Discretization w/ Decision Trees

  • Discretization w/ Decision Trees
    • consisting of a decision tree to identify the optimal bins
    • a decision tree making a decision $\to$ assigning an observation to one of $N$ end leaves
    • generating a discrete output, the predictions at each of its $N$ leaves
    • procedure
      • training a decision tree of limited depth (2, 3, or 4) using only the variable to discretize and the target
      • replacing the variable's value w/ the output returned by the tree
    • considerations
      • not improving the values spread
      • handling outliers since trees are robust to outliers
      • creating a discrete variable
      • prone to overfitting
      • cost some time to tune the parameters effectively (e.g., tree depth, the minimum nimber of samples in one partition minimum info gain)
      • observations within each bin more similar to each other
      • creating a monotonic relationship
    • Python: from sklearn.proprecessing import DecisionTreeClassifier

Custom Discretization

  • Custom discretization
    • engineering variables in a custom environment (i.e., for a particular business use case)
    • determining the intervals where the variable divided so that it makes sense for the business
    • example: Age divided into groups like [0-10] as kids, [10-25] as teenagers, and so on
    • Python: labels = ['0-10', '10-25', '25-65', '>65']

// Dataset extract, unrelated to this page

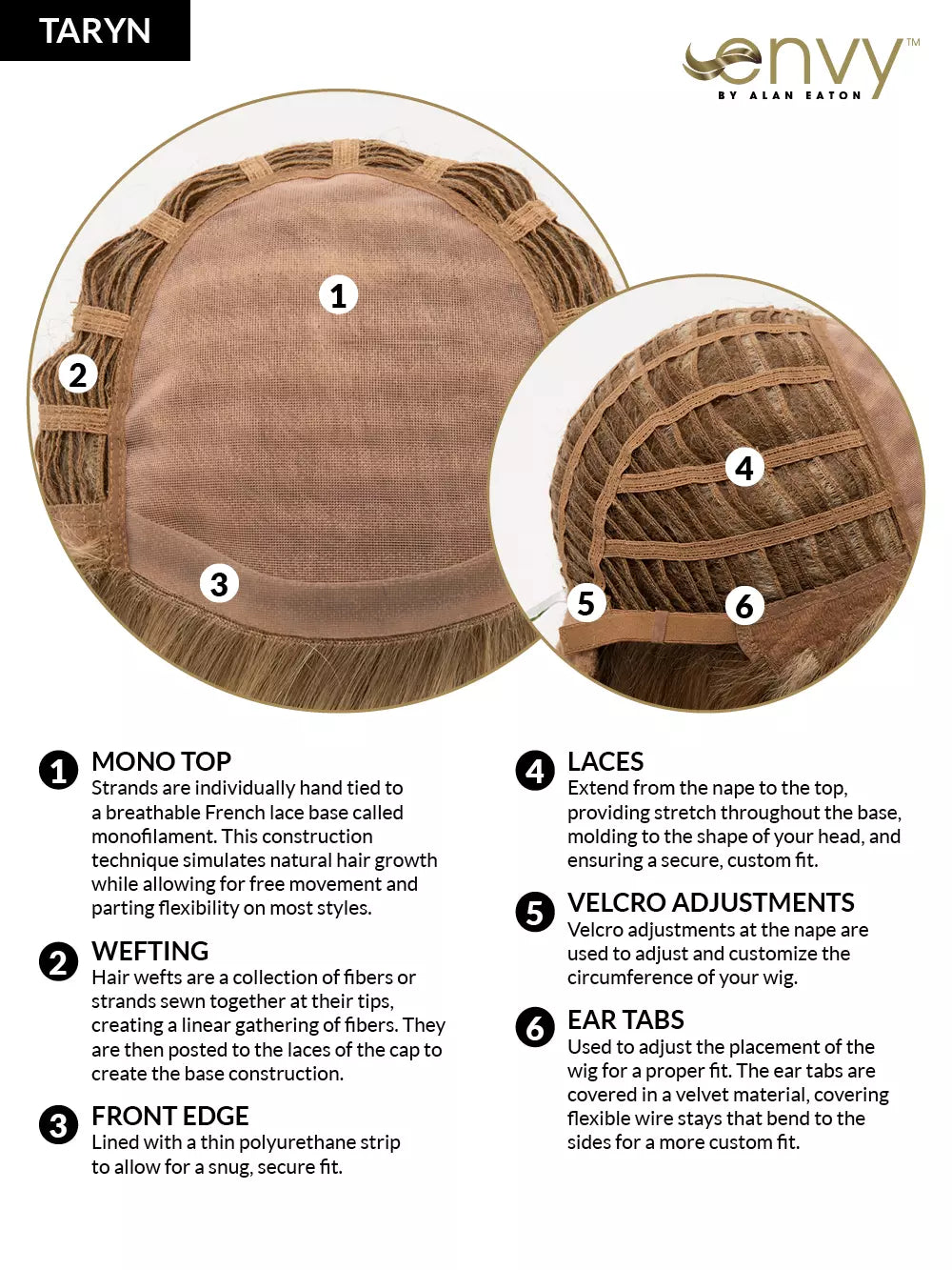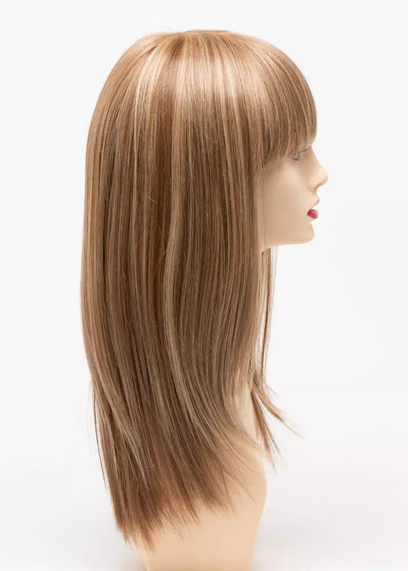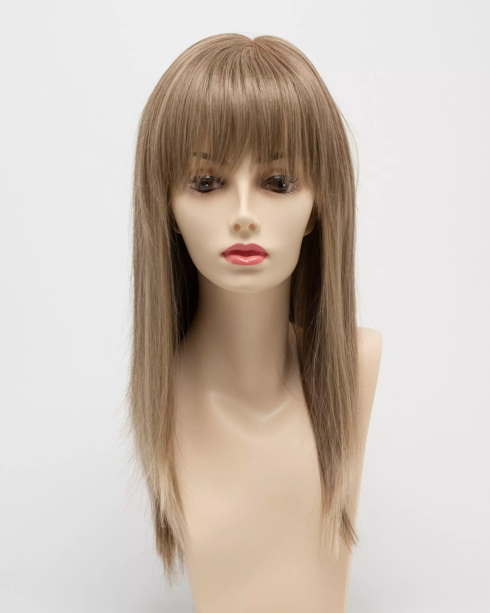 Taryn is a long, layered style with sleek, straight strands and soft, face-framing bangs. The monofilament top offers natural parting and a realistic look, while the human hair and heat-friendly fiber blend allows endless styling versatility for a timeless, polished finish.
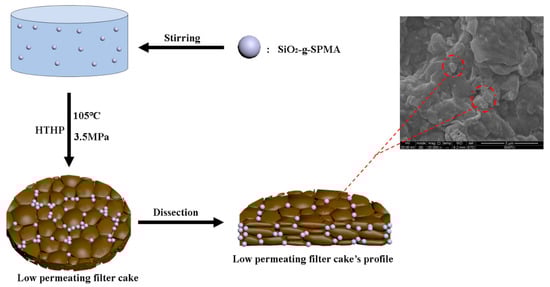 The plugging tests of SiO2-g-SPMA were conducted on the above prepared low-permeating filter cake (LPFC) with micropores and nanopores. Firstly, a series of aqueous dispersions with 0.1, 0.2, 0.3, 0.4, and 0.5 wt% SiO2-g-SPMA were prepared. Then the different concentration SiO2-g-SPMA dispersions were respectively added in the HTHP filter, allowing the SiO2-g-SPMA dispersion to flow through above low-permeating filter cake (LPFC) at 105 °C under a pressure of 3.5 MPa. Afterward, the volumes of filtrate at each 5 min interval were recorded, sustaining for 30 min. When the test was finished, the fresh filter cake was carefully removed from the HTHP filter and digital images were taken immediately. The thickness of the filter cake was also confirmed by an electronic caliper. After adding SiO2-g-SPMA as the nano-plugging agent, the permeability (K′) of filter cake was also calculated according to Darcy’s Law (referred to above calculation method in Supplementary Materials (Equation S1).

Principal Component Analysis

  • Principal Component Analysis and feature engineering

    • a partitioning of the variation in the data
    • a great tool to help to discover important relationship in the data
    • used to create more informative features
    • typically applied to standardized data
    • variation meaning
      • standardized data: correlation
      • non-standardized data: covariance
  • Visualization for Principal Component Analysis

    • axes of variation

      • describing the ways the abalone tend to different from one another
      • axes: perpendicular lines along the natural dimensions of the data
      • each axis for one original feature
    • idea of PCA: instead of describing the data w/ the original features, describing it w/ axes of variation

    • dataset: Abalone data set

      • physical measurements taken from several thousand Tasmanian abalone
      • only focusing on Height and Diameter of their shells
    • axes of variation for abalone

      • Size component
        • the longer axis
        • small height and small diameter (lower left) contrasted w/ large height and large diameter (upper right)
      • Shape component
        • the shorter axis
        • small height and large diameter (flat shape) contrasted w/ large height and small diameter (round shape)
  • PCA as new features

    • new features PCA: liner combinations (weighted sums) of the original features

      df["Size"] = 0.707 * X["Height"] + 0.707 * X["Diameter"]
      df["Shape"] = 0.707 * X["Height"] - 0.707 * X["Diameter"]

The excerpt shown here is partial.